'''

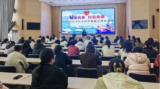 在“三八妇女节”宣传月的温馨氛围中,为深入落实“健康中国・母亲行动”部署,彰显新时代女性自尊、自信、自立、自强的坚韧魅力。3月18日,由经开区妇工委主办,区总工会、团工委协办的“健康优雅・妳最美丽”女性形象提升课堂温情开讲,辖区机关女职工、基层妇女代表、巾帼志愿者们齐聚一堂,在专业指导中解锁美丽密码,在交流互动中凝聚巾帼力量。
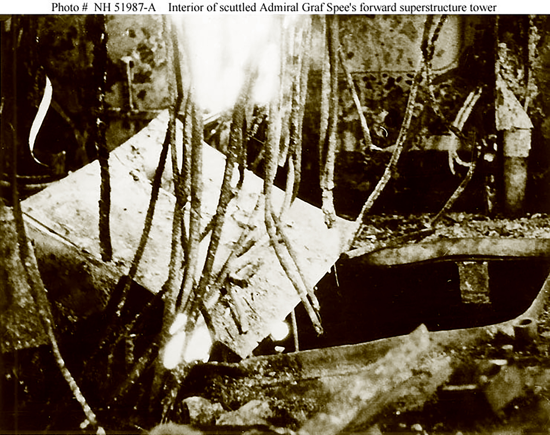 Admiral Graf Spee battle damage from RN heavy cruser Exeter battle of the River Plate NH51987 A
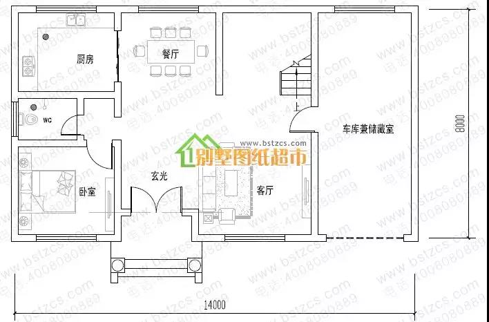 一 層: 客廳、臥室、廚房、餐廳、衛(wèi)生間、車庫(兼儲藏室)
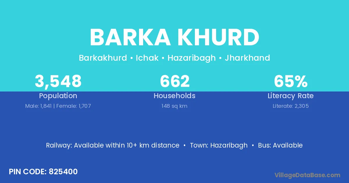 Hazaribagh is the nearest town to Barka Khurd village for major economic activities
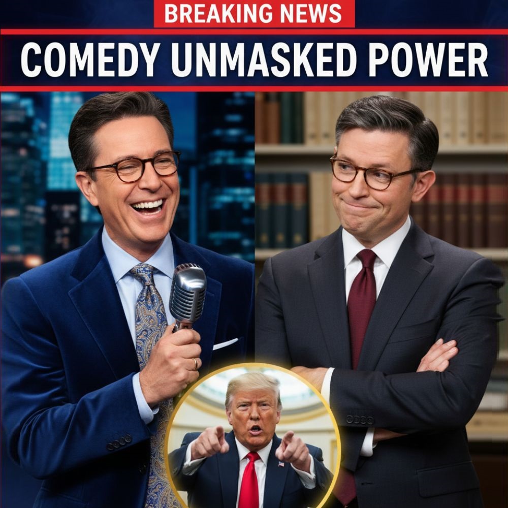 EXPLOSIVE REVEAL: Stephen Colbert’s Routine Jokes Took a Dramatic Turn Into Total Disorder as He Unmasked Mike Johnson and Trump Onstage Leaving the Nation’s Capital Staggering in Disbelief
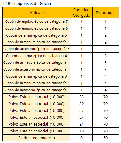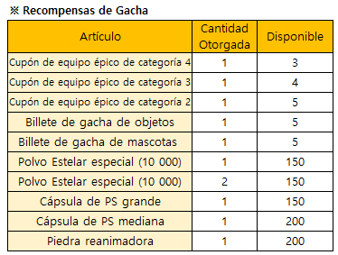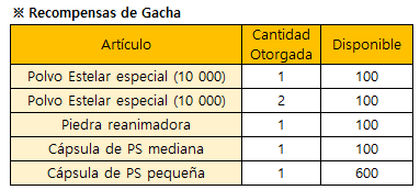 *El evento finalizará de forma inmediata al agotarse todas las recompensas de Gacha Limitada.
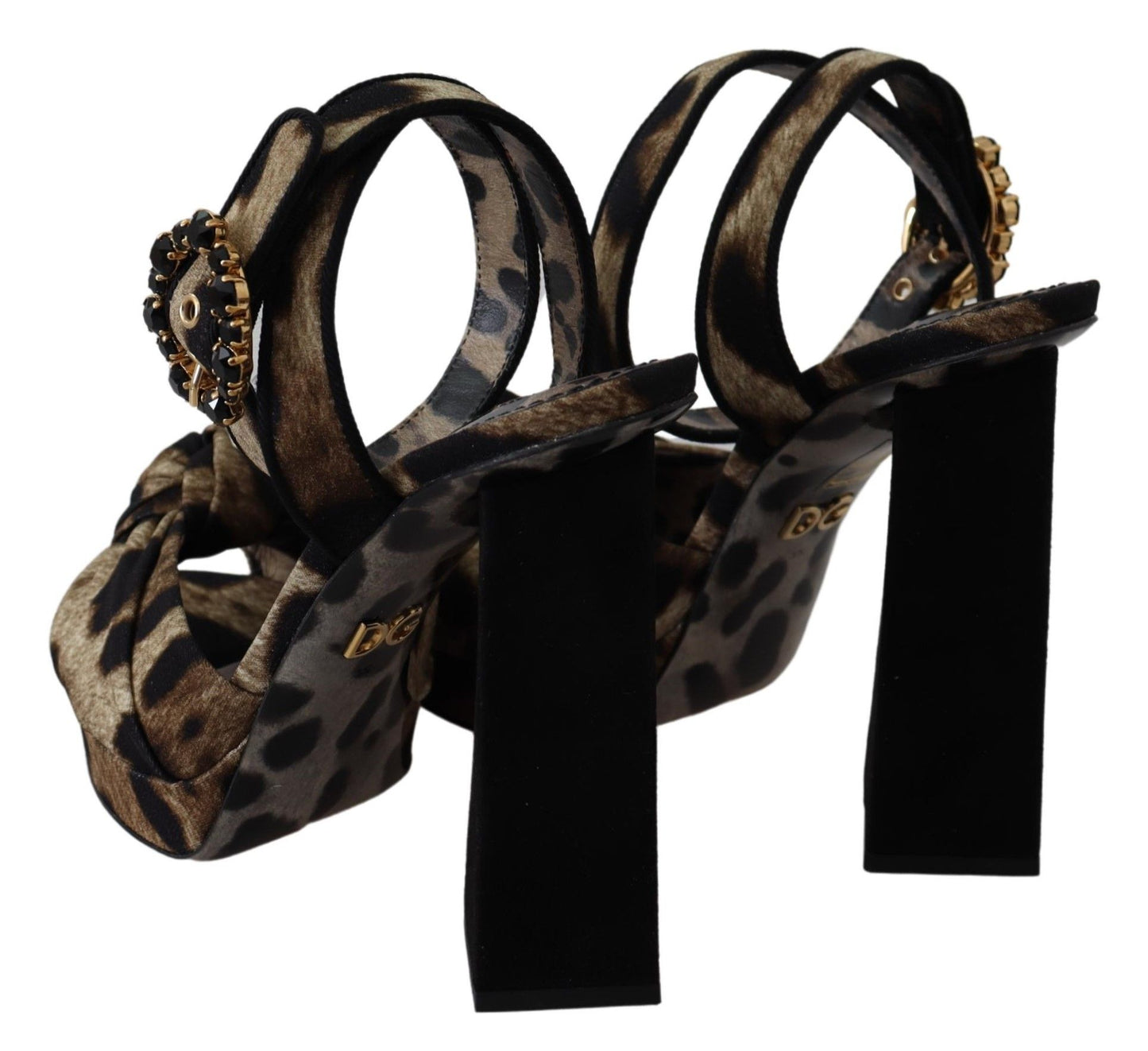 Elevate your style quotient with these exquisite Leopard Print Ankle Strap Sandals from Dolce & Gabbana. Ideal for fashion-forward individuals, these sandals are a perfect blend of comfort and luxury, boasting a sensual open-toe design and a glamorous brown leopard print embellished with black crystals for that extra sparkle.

'''

ACTIVITY. When copying the data above, repeat every word exactly and drop the pictures.

WRITTEN SOLUTION.
 在“三八妇女节”宣传月的温馨氛围中,为深入落实“健康中国・母亲行动”部署,彰显新时代女性自尊、自信、自立、自强的坚韧魅力。3月18日,由经开区妇工委主办,区总工会、团工委协办的“健康优雅・妳最美丽”女性形象提升课堂温情开讲,辖区机关女职工、基层妇女代表、巾帼志愿者们齐聚一堂,在专业指导中解锁美丽密码,在交流互动中凝聚巾帼力量。
 Admiral Graf Spee battle damage from RN heavy cruser Exeter battle of the River Plate NH51987 A
 一 層: 客廳、臥室、廚房、餐廳、衛(wèi)生間、車庫(兼儲藏室)
 Hazaribagh is the nearest town to Barka Khurd village for major economic activities
 EXPLOSIVE REVEAL: Stephen Colbert’s Routine Jokes Took a Dramatic Turn Into Total Disorder as He Unmasked Mike Johnson and Trump Onstage Leaving the Nation’s Capital Staggering in Disbelief
 *El evento finalizará de forma inmediata al agotarse todas las recompensas de Gacha Limitada.
 Elevate your style quotient with these exquisite Leopard Print Ankle Strap Sandals from Dolce & Gabbana. Ideal for fashion-forward individuals, these sandals are a perfect blend of comfort and luxury, boasting a sensual open-toe design and a glamorous brown leopard print embellished with black crystals for that extra sparkle.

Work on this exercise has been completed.